La police était assurée par un sous-officier européen faisant fonctions de commissaire et communiquant directement avec le commandant des troupes au Siam. Il était secondé par des soldats attachés spécialement à ce service et qui s'acquittaient fort bien de leurs fonctions ; pas de rixes, pas de désordres, tout marchait à souhait. Au Siam, on a pu constater une fois de plus que les indigènes des colonies sont infiniment plus maniables et plus dociles sous la coupe de l'autorité militaire, ferme il est vrai, mais toujours juste et bienveillante, que sous celle de l'autorité civile. Cette dernière en effet est souvent fantaisiste ; elle se livre trop à des expériences qui ne sont pas du goût des indigènes parce qu'elles choquent leurs coutumes et leurs traditions ; enfin, malgré tous ses efforts, elle n'arrive jamais à en imposer aux populations. Au Siam, où il n'y avait pas un seul fonctionnaire civil, tout allait pour le mieux. Officiers et soldats traitaient l'indigène en protecteurs bienveillants et l'indigène reconnaissant leur supériorité se montrait plein de gratitude envers eux.

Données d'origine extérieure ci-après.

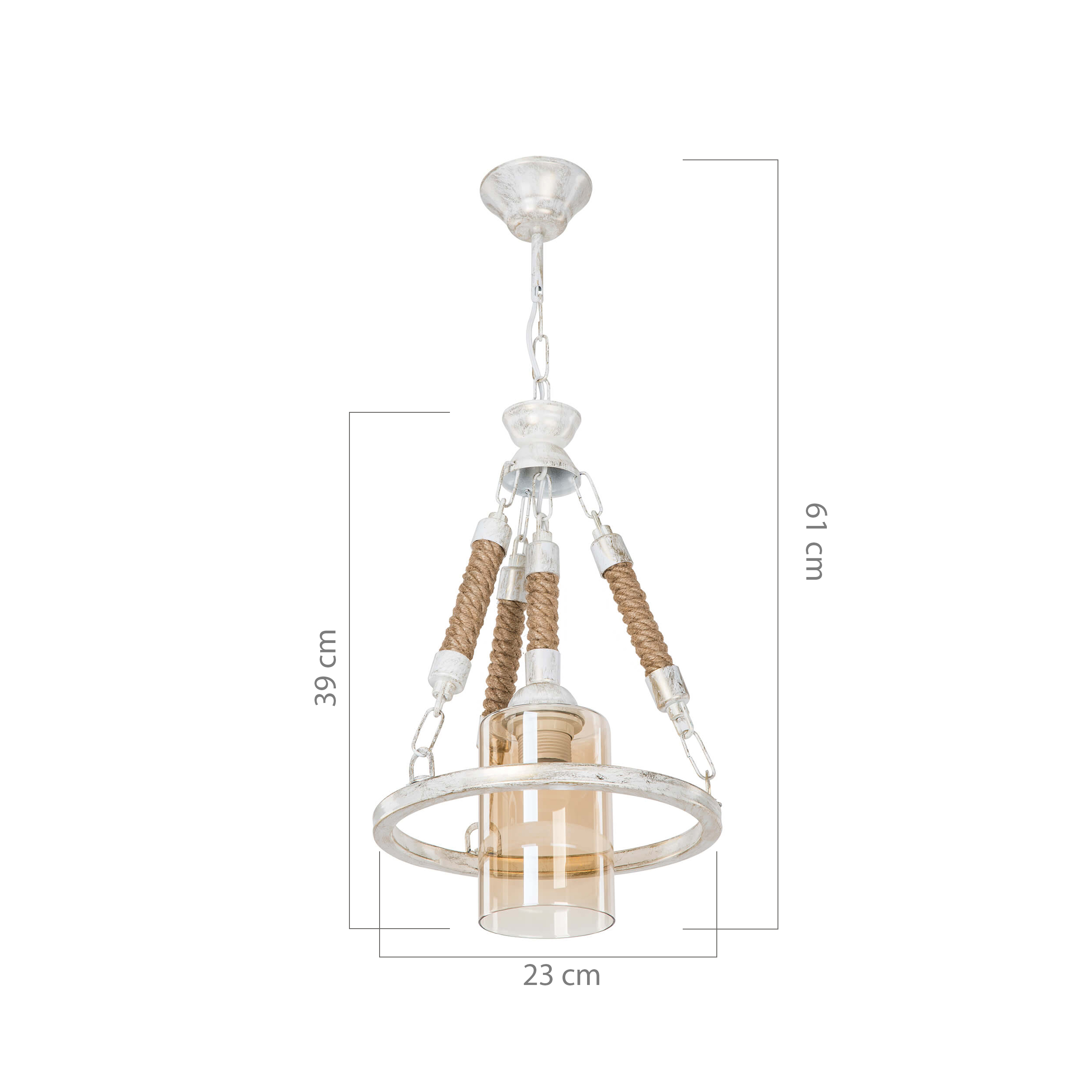 . Mit seinem elektrostatisch lackierten Metallgehäuse, den organischen Seilen und dem Zylinderglas verleiht der "Sofia Pendant", der ein anderes Design hat, der Umgebung, in der er sich befindet, ein anderes Ambiente.

Notre camp était situé en dehors de la ville. Il se composait de quelques maisonnettes et de plusieurs misérables baraques en bois qui menaçaient de s’effondrer. L’ambulance était installée dans la plus vieille et la plus incommode de ces cases. Quand il pleuvait, les malades recevaient de l’eau comme en plein air. Je dois signaler en passant l’admirable dévouement du médecin-major de cette ambulance. A toute heure de la journée et plusieurs fois la nuit, il était auprès de ses malades, leur tenant conversation, leur donnant lui-même les potions et essayant par tous les moyens de les réconforter. Il étudiait avec soin les phases de chaque maladie. Un malade dormait-il, il marchait sur la pointe des pieds pour ne pas le réveiller. Il soignait avec le même empressement et gratuitement les indigènes du pays. Aussi était-il très aimé de ses soldats comme de la population siamoise. Ce cas d’ailleurs est loin d’être isolé et bien des fois ce dévouement des médecins des troupes coloniales a été pour moi un sujet de gratitude et d’admiration.

Au mois de juillet 1904, je quittai le Siam sans regret pour rentrer en Cochinchine, pays qui ne me souriait pas davantage. On m’avait en effet prévenu avant mon départ de France qu’un soldat de mon genre, n’ayant pas l’habitude de rester inactif, se trouverait plutôt malheureux dans cette colonie déjà vieille, où tout marche en vertu de la vitesse acquise. Dans cet ordre d’idées la réalité dépassa mes prévisions.